2006-01-09 Retitled by g0n, as per Monastery guidelines
Original title: 'DBI hadling special chars like accented ones'

Replies are listed 'Best First'.
Re: DBI handling special chars like accented ones
by explorer (Chaplain) on Jan 09, 2006 at 10:31 UTC
    You are created the database with ISO-8815-1 codification, but you are inserting utf-8 characters...
Re: DBI handling special chars like accented ones
by Aristotle (Chancellor) on Jan 09, 2006 at 15:17 UTC
      I feel like I'm punching nails here =(

      This is what I've tried so far:
      - The patch suggested by randyk. I downgraded DBD::mysql to version 2.9008 to be able to apply it.
      - rebuilding the database AND the tables setting the default charset to utf8.
      - using the Encode module to encode a string to utf8 similar to what is suggested here.

      None of the above worked, as I'm still getting "junk" when trying to INSERT via DBI. And it has to be either the module or maybe some missing locale setting (I've tried changing it as well with Posix locale_h, but no success), since I can perform INSERTs via the MySQL shell using accents just fine.

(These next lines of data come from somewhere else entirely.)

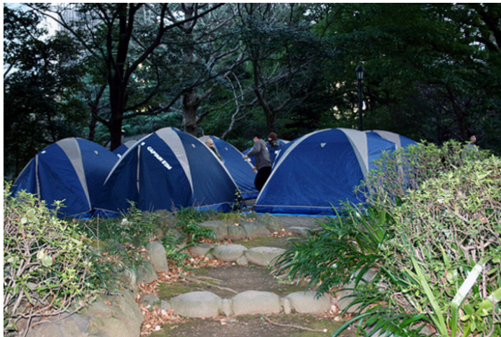
Tents at Hakenmura

The idea for this village emerged from a discussion in December 2008 at a bar in Tokyo among activists and lawyers who had been helping unemployed dispatch workers. These activists organized an executive committee to prepare the village, which opened at Hibiya Park, Tokyo's relatively small "Central Park," over the week from December 31st to January 5th (at which date public offices for the unemployed were supposed to open). The organizers distributed food and lodging, provided counseling and employment consulting services, and helped the residents apply for welfare benefits. The residents pitched tents for their lodgings, but the space was cramped and it was hard to sleep with nighttime temperatures around the freezing point.
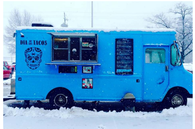
Any day is Dia de los Tacos —even in the winter!? (Extra hot sauce, please!)

Like food trucks? There now are four food trucks in Marquette! These include: Dia de Los Tacos , Señor's Food Truck , Wild Blue BBQ , and Copper Crust .
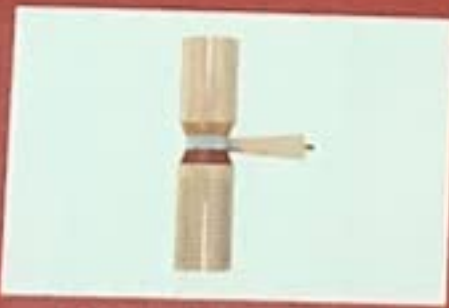
1* Wood Tone Block
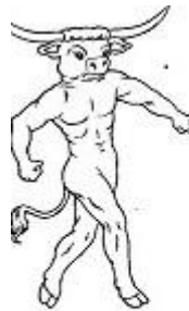
"cattle mind" Dominant people

People with Cattle dominant mind live with their physical labour. They produce Primary product. (Like farm products, Handicrafts, Driving Carts and working as industry labourer. They are always poor. Many of them live on the boarder of existance.
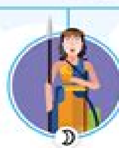
ARTEMIS Goddess of the hunt, wilderness, and wild animals
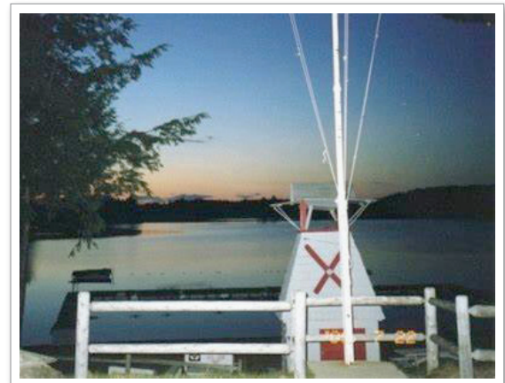
BELOW: Camp Quinapoxet Waterfront
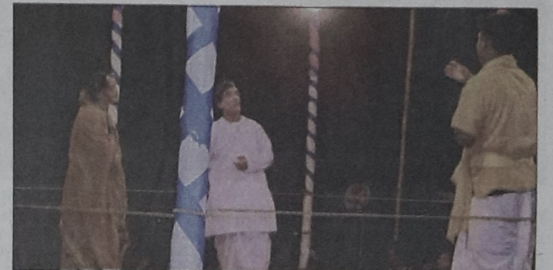
A scene from the play "Kolonkini Bodhu".
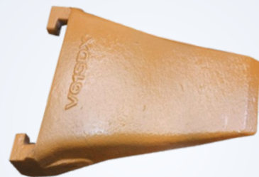
VOLVO V61 SDX
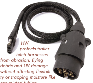
HW protects trailer hitch harnesses from abrasion, flying debris and UV damage without affecting flexibility or trapping moisture like convoluted tubing.

HW is the perfect solution for use on chains and cables to protect painted or laminated surfaces from scuffing and wear.
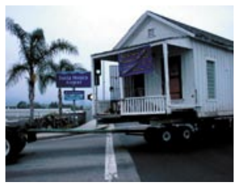
Shotgun House arriving at its temporary home at the Santa Monica Airport in 2002.

According to board member and project architect Mario Fonda-Bonardi, "these costs include removal of non-historical elements, protection and rehabilitation of appropriate interior surfaces, rehabilitation of the porch including replacement of the lost corbels, and new double-hung windows compatible with the one remaining original window." continued on page 6
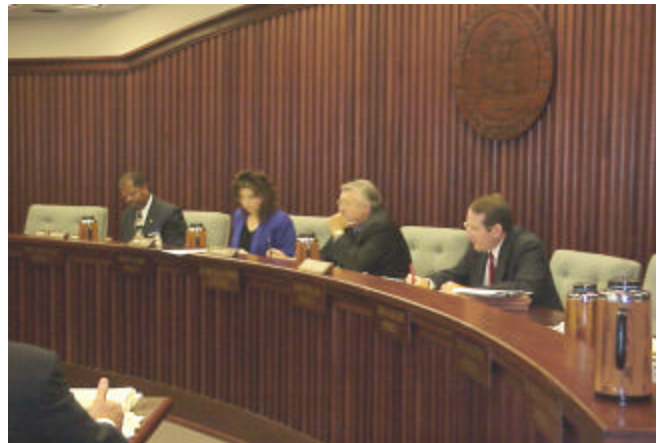
Commissioners journey to Savannah to listen to testimony in the Savannah Fuel Case

The Commissioners included in the fuel rate the cost of the Plant/McIntosh Plant Kraft coal Transloader over
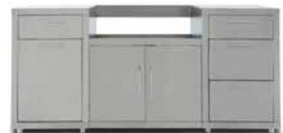
Blaze 6' Stainless Steel Island 34 3/4"H x 72 1/4"W x 22 1/2"D
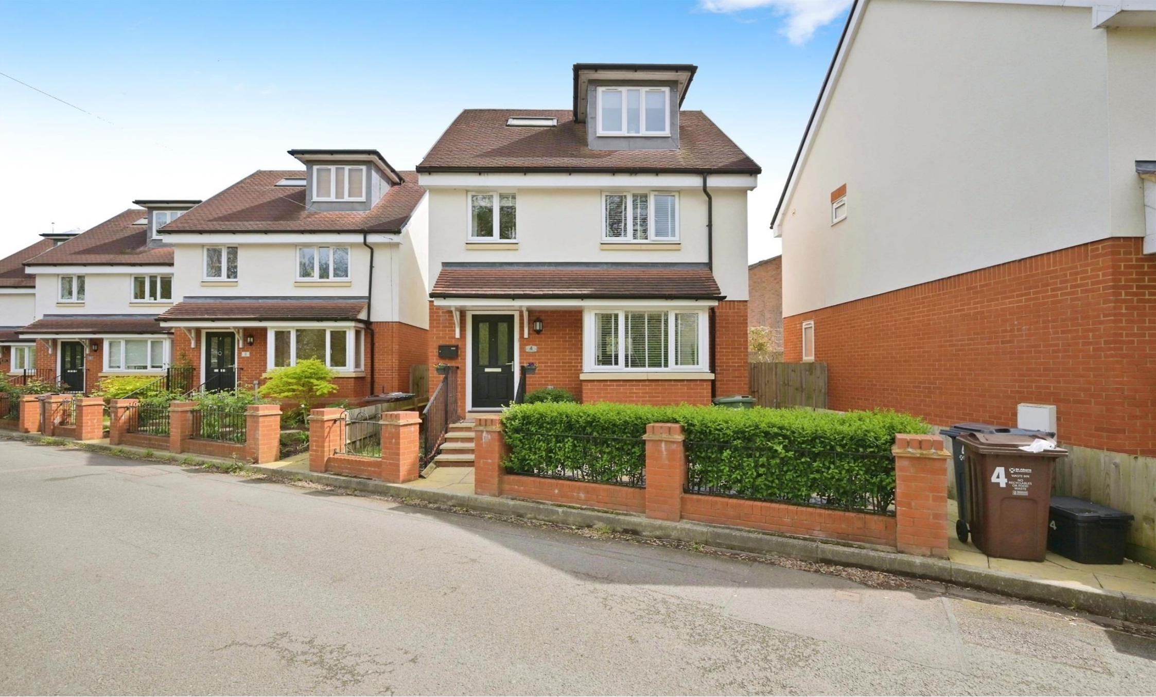
Lowbell Lane, London Colney, St. Albans, AL2 1AZ
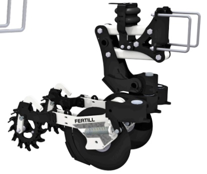
Twin row unit
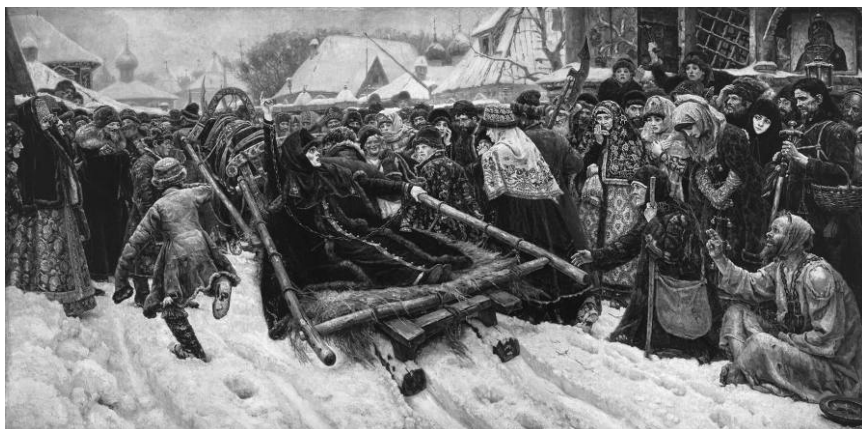
7 Vasily Surikov, The Boyarinya Morozova , 1887. Oil on canvas, 9 ft. 11 11 / 16 in. x 19 ft. 3 5 / 16 in. The State Tretyakov Gallery, Moscow

I worked in the field for almost four years, and then school reopened. But they only would take students from Gong Nong Bin —workers, peasants, and soldiers, considered the leading classes in China. I was in the countryside, so even though I was not from a peasant family, I was a peasant myself then. It just so happened that Beijing Teachers College had a professor looking for new worker, peasant, and soldier students in our area, and I met him. I think he was a Chinese literature teacher. I said, "Do you have anything in art? I would really love art," and I even probably showed him some sketches. He said, "Let me go back and ask." It was like a miracle. For the whole county, a really big county, they added one position to accept an art student. I went through some hoops, but I got in. And I remember on a very dusty country road before he got on the bus, he said to me, "I hope you study hard and you get in. Also, make sure"—I was already twenty-four—"make sure, during your time at college, you are not allowed to have a relationship," meaning don't get involved with boyfriends and only concentrate on your work. I said, "I can guarantee you this; this is so precious, such a unique opportunity. I will work hard and follow the rules." I never saw him again. And then I went to this—it was not an art department,
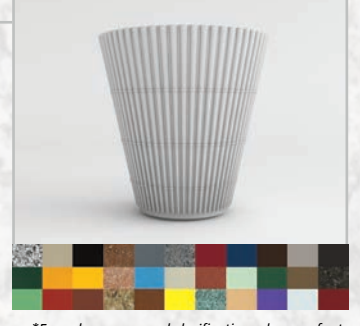
*For color names and clarification, please refer to PAGE 1 or visit WWW.TERRACASTPRODUCTS.COM

Holistic Asian garden design, with round, cylindrical, fluted, tapered design.
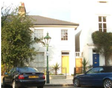
18 Addison Avenue

18 Addison Avenue is very much a case in point, with a large newly excavated area, undue extension at the rear, and a despoiled west elevation facing the architecturally unique Addison Avenue.
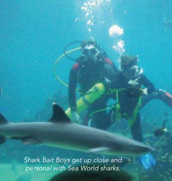
Shark Bait Boys get up close and personal with Sea World sharks.
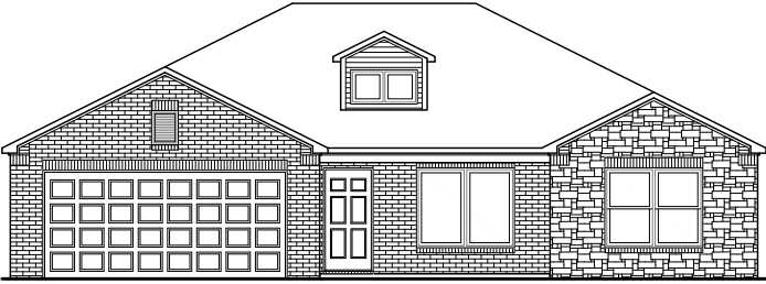
RC Clark Elevation F
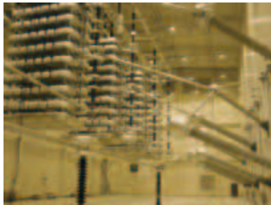
Fig. 3. Double Valve Arrangement

Physically each converter is built up of twelve (air insulated, water-cooled) single valves arranged in six units. Each suspended unit consists of two single valves combined into one mechanical unit called a double valve (Figure 3). The valve structure is suspended from the ceiling, which gives a superior mechanical design for all static and dynamic conditions. The light guides for control and monitoring, as well as the cooling water connection pipes, enter from the ceiling of the valve hall. There are 90/84 thyristors per valve at Longquan/Zhengping respectively. The thyristors used are 5" (YST90) and are identical for the two stations.
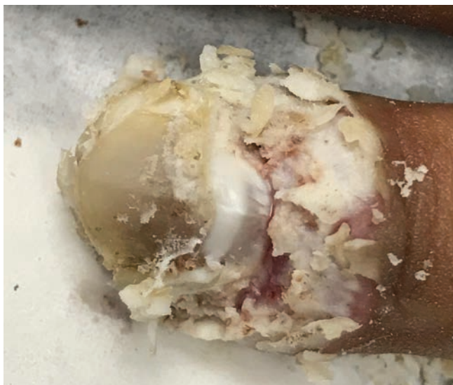
Figure 3. Left fifth finger following curettage due to thick maceration of the skin.
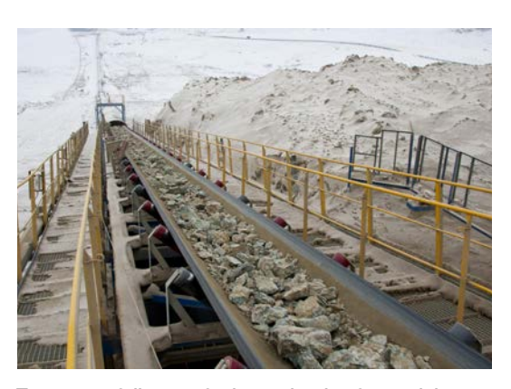
To successfully transfer heavy loads of materials over long distances, mine conveyors need reliable and responsive braking systems.

In addition, Svendborg Brakes has a large installed base of SOBO iQ braking control systems on mine conveyors around the world. This experience has allowed the company, to create a comprehensive and up-to-date data warehouse. This can be accessed by the company's global network of service technicians every time a new control system is installed or commissioned. Once SOBO iQ is set up and the algorithms adjusted, not subsequent fine-tuning is required.
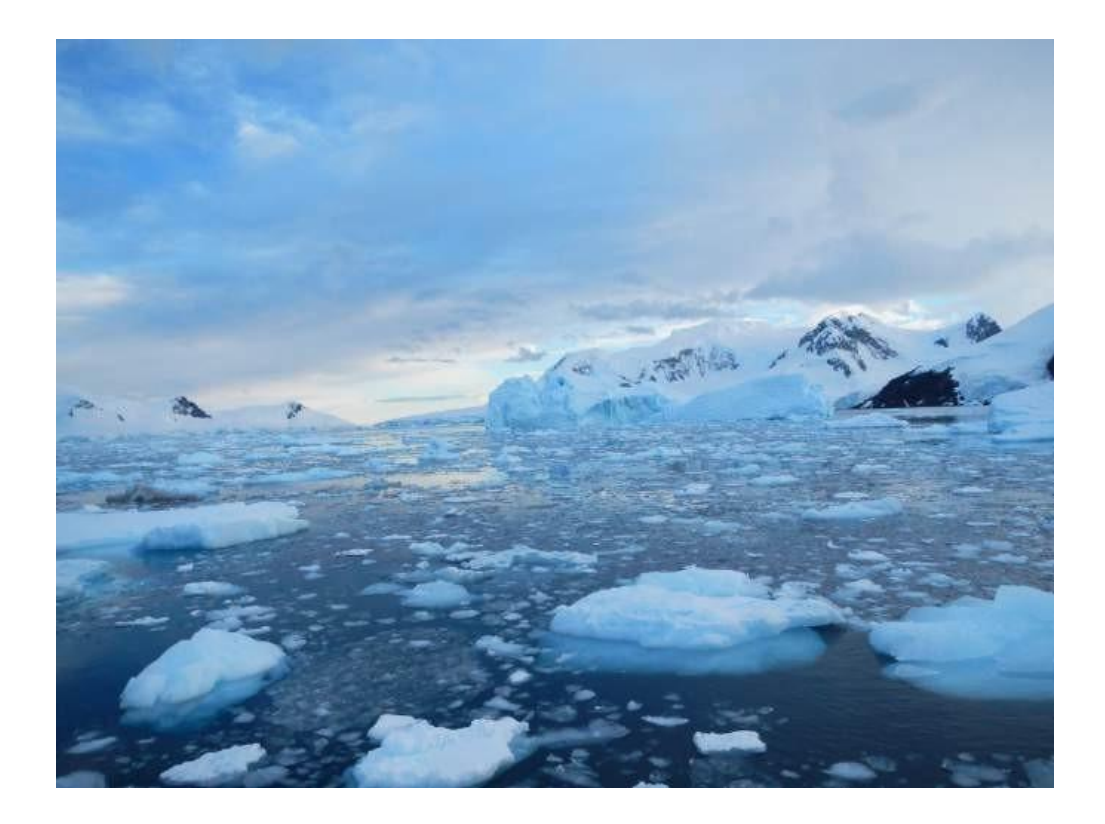
Day 19, return to Paradise Bay
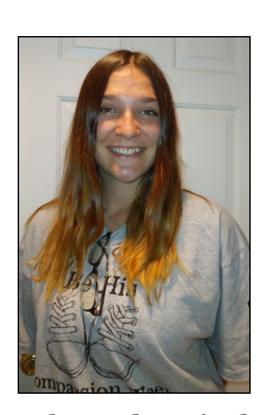
When Jade Arrived
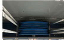
Heavy Duty Cable Pulleys
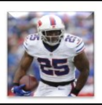
LeSean McCoy Buffalo Bills / Philadelphia Eagles / U. Pittsburgh
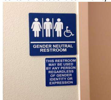
Door sign of a gender-neutral restroom.

They are three: two are inside the Writing Center and the third one is next to the elevator between the Nursing Education Center and Student Community Center.
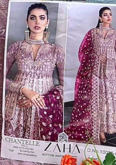
CHANIELLE VOL. 4 10025 1173 230-081 TOP With Embroidery ZAHA BOTTOM-INNER D.No. 10025-1
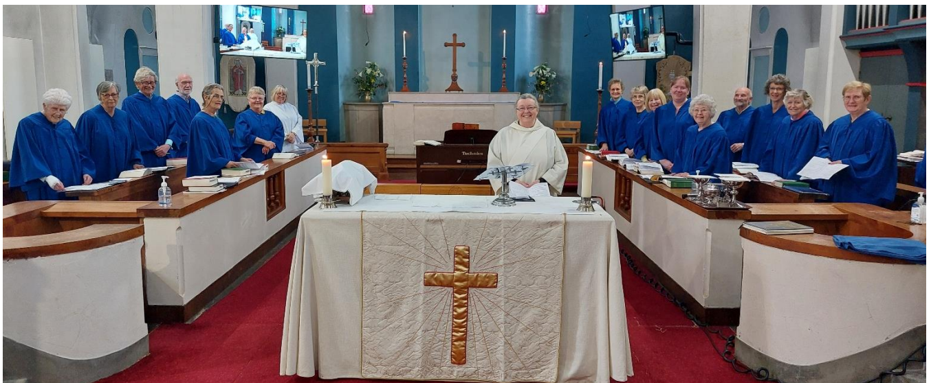
St Faith's Choir

Our year finished when we hosted the Deanery Advent Carol Service in December. It was rather bizarre to sit amongst the undecorated Christmas trees which had just been put in place for the Christmas Tree Festival! We were delighted to have our Diocesan President welcome and 'admit' our latest branch member at that service. We look forward to the year ahead.
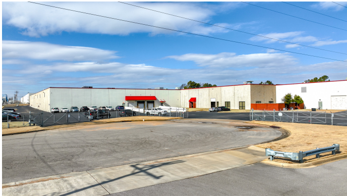
Cypress Woods Lane Entrance
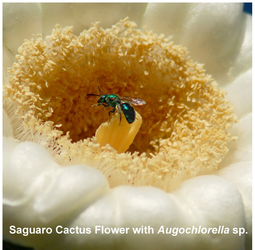
Saguro Cactus Flower with Augochlorella sp.

      Any help is appreciated.
        Ok, I found out a solution.

        The patch mentioned on the parent post has no effect for this particular case. I rolled back to DBD-mysql-3.0002. Actually, the fix consists of using the utf8 pragma, and then performing an upgrade in the string, like this:

        use utf8; ... my $string = "voilá monsieur"; utf8::upgrade($string); # $string is now ready to be INSERTed by DBI, # but you still need to do this $dbhandle->do("SET CHARACTER SET utf8"); # now you can perform the INSERT
Re: DBI handling special chars like accented ones
by randyk (Parson) on Jan 09, 2006 at 15:12 UTC
      Problem: I'm currently using DBD-mysql-3.0002, and the patch is for version 2.9008 (obviously it failed when I tried to apply).

      Any ideas apart from a possible downgrade?